J'avais donné des bals et des soirées à Londres et à Paris, et, bien qu'enfant d'un autre désert, je n'avais pas trop mal traversé ces nouvelles solitudes ; mais je ne m'étais pas douté de ce que pouvaient être des fêtes à Rome : elles ont quelque chose de la poésie antique qui place la mort à côté des plaisirs. A la villa Médicis, dont les jardins sont déjà une parure et où j'ai reçu ce matin la grande-duchesse Hélène, l'encadrement du tableau est magnifique : d'un côté la villa Borghèse avec la maison de Raphaël ; de l'autre la villa de Monte-Mario et les coteaux qui bordent le Tibre ; au-dessous du spectateur, Rome entière comme un vieux nid d'aigle abandonné. Au milieu des bosquets se pressaient, avec les descendants des Paula et des Cornélie, les beautés venues de Naples, de Florence et de Milan : la princesse Hélène semblait leur reine. Borée, tout à coup descendu de la montagne, a déchiré la tente du festin, et s'est enfui avec des lambeaux de toile et de guirlandes, comme pour nous donner une image de tout ce que le temps a balayé sur cette rive. L'ambassade était consternée ; je sentais je ne sais quelle gaieté ironique à voir un souffle du ciel emporter mon or d'un jour et mes joies d'une heure. Le mal a été promptement réparé. Au lieu de déjeuner sur la terrasse, on a déjeuné dans l'élégant palais : l'harmonie des cors et des hautbois, dispersée par le vent, avait quelque chose du murmure de mes forêts américaines. Les groupes qui se jouaient dans les rafales, les femmes dont les voiles tourmentés battaient leurs visages et leurs cheveux, la sartarella qui continuait dans la bourrasque, l'improvisatrice qui déclamait aux nuages, le ballon qui s'envolait de travers avec le chiffre de la fille du Nord, tout cela donnait un caractère nouveau à ces jeux où semblaient se mêler les tempêtes accoutumées de ma vie.
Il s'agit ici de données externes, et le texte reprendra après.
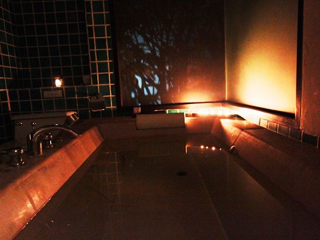 - バスタブにソフト枕埋め込まれてる。ロウソク灯して入浴すれば別空間。灯高炉ありました。
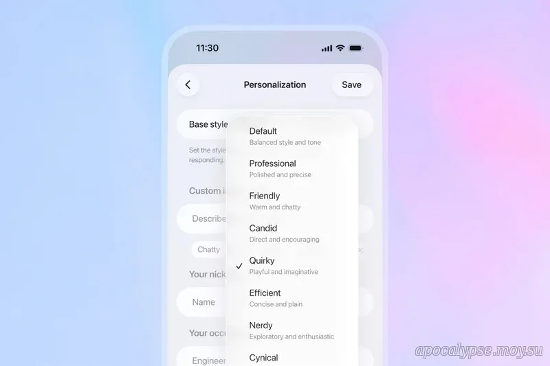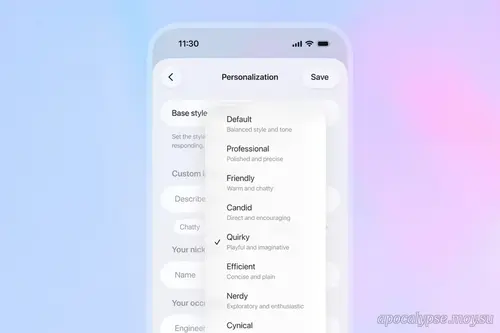 Но одним лишь выпуском новых моделей OpenAI не ограничилась. В рамках обновления компания также заявила, что расширит набор предустановленных личностей ChatGPT, от которых зависит разговорный тон бота. Полный список опций теперь включает: «По умолчанию», «Профессиональный», «Дружелюбный», «Откровенный», «Эксцентричный», «Эффективный», «Занудный» и «Циничный». OpenAI также сообщила, что начнёт «эксперимент по поиску новых способов тонкой настройки стиля ChatGPT непосредственно в настройках», к которому некоторые пользователи получат доступ уже на этой неделе.
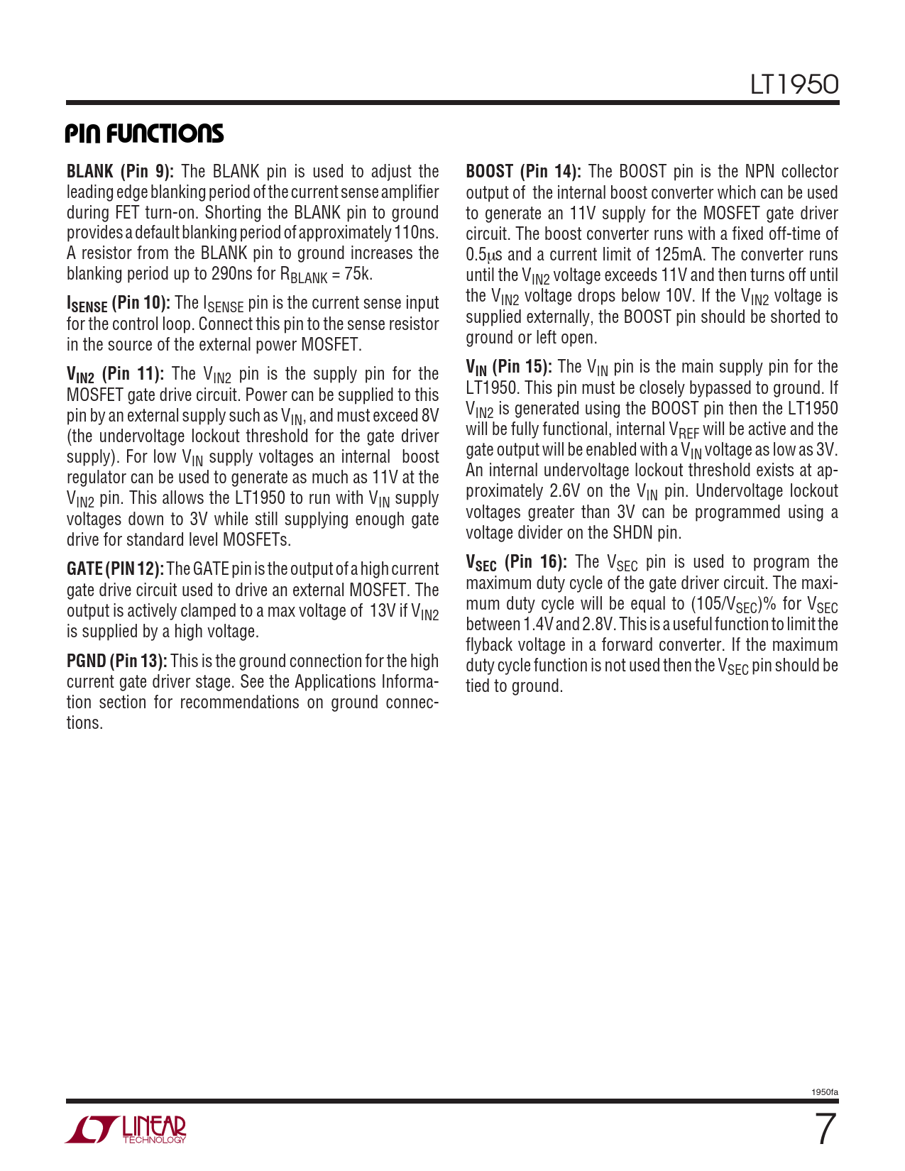 LT1950 UUUPI FU CTIO SBLANK (Pin 9): The BLANK pin is used to adjust the BOOST (Pin 14): The BOOST pin is the NPN collector leading edge blanking period of the current sense amplifier output of the internal boost converter which can be used during FET turn-on. Shorting the BLANK pin to ground to generate an 11V supply for the MOSFET gate driver provides a default blanking period of approximately 110ns. circuit. The boost converter runs with a fixed off-time of A resistor from the BLANK pin to ground increases the 0.5µs and a current limit of 125mA. The converter runs blanking period up to 290ns for RBLANK = 75k. until the VIN2 voltage exceeds 11V and then turns off until I the VIN2 voltage drops below 10V. If the VIN2 voltage is SENSE (Pin 10): The ISENSE pin is the current sense input for the control loop. Connect this pin to the sense resistor supplied externally, the BOOST pin should be shorted to in the source of the external power MOSFET. ground or left open. VVIN (Pin 15): The VIN pin is the main supply pin for the IN2 (Pin 11): The VIN2 pin is the supply pin for the MOSFET gate drive circuit. Power can be supplied to this LT1950. This pin must be closely bypassed to ground. If pin by an external supply such as V VIN2 is generated using the BOOST pin then the LT1950 IN, and must exceed 8V (the undervoltage lockout threshold for the gate driver will be fully functional, internal VREF will be active and the supply). For low V gate output will be enabled with a VIN voltage as low as 3V. IN supply voltages an internal boost regulator can be used to generate as much as 11V at the An internal undervoltage lockout threshold exists at ap- V proximately 2.6V on the VIN pin. Undervoltage lockout IN2 pin. This allows the LT1950 to run with VIN supply voltages down to 3V while still supplying enough gate voltages greater than 3V can be programmed using a drive for standard level MOSFETs. voltage divider on the SHDN pin. GATE (PIN 12): The GATE pin is the output of a high current VSEC (Pin 16): The VSEC pin is used to program the gate drive circuit used to drive an external MOSFET. The maximum duty cycle of the gate driver circuit. The maxi- output is actively clamped to a max voltage of 13V if V mum duty cycle will be equal to (105/VSEC)% for VSEC IN2 is supplied by a high voltage. between 1.4V and 2.8V. This is a useful function to limit the flyback voltage in a forward converter. If the maximum PGND (Pin 13): This is the ground connection for the high duty cycle function is not used then the VSEC pin should be current gate driver stage. See the Applications Informa- tied to ground. tion section for recommendations on ground connec- tions. 1950fa 7

Quel prestige pour tout homme qui n'eût pas compté son monceau d'années, et qui eut demandé des illusions au monde et à l'orage ! J'ai bien de la peine à me souvenir de mon automne, quand, dans mes soirées, je vois passer devant moi ces femmes du printemps qui s'enfoncent parmi les fleurs, les concerts et les lustres de mes galeries successives : on dirait des cygnes qui nagent vers des climats radieux. A quel désennui vont-elles ? Les unes cherchent ce qu'elles ont déjà aimé, les autres ce qu'elles n'aiment pas encore. Au bout de la route, elles tomberont dans ces sépulcres toujours ouverts ici, dans ces anciens sarcophages qui servent de bassins à des fontaines suspendues à des portiques ; elles iront augmenter tant de poussières légères et charmantes. Ces flots de beautés, de diamants, de fleurs et de plumes roulent au son de la musique de Rossini qui se répète et s'affaiblit d'orchestre en orchestre. Cette mélodie est-elle le soupir de la brise que j'entendais dans les savanes des Florides, le gémissement que j'ai ouï dans le temple d'Erechthée à Athènes ? Est-ce la plainte lointaine des aquilons qui me berçaient sur l'Océan ? Ma sylphide serait-elle cachée sous la forme de quelques-unes de ces brillantes Italiennes ? Non : ma dryade est restée unie au saule des prairies où je causais avec elle de l'autre côté de la futaie de Combourg. Je suis bien étranger à ces ébats de la société attachée à mes pas vers la fin de ma course ; et pourtant il y a dans cette féerie une sorte d'enivrement qui me monte à la tête : je ne m'en débarrasse qu'en allant rafraîchir mon front à la place solitaire de Saint-Pierre ou au Colysée désert. Alors les petits spectacles de la terre s'abîment, et je ne trouve d'égal au brusque changement de la scène que les anciennes tristesses de mes premiers jours.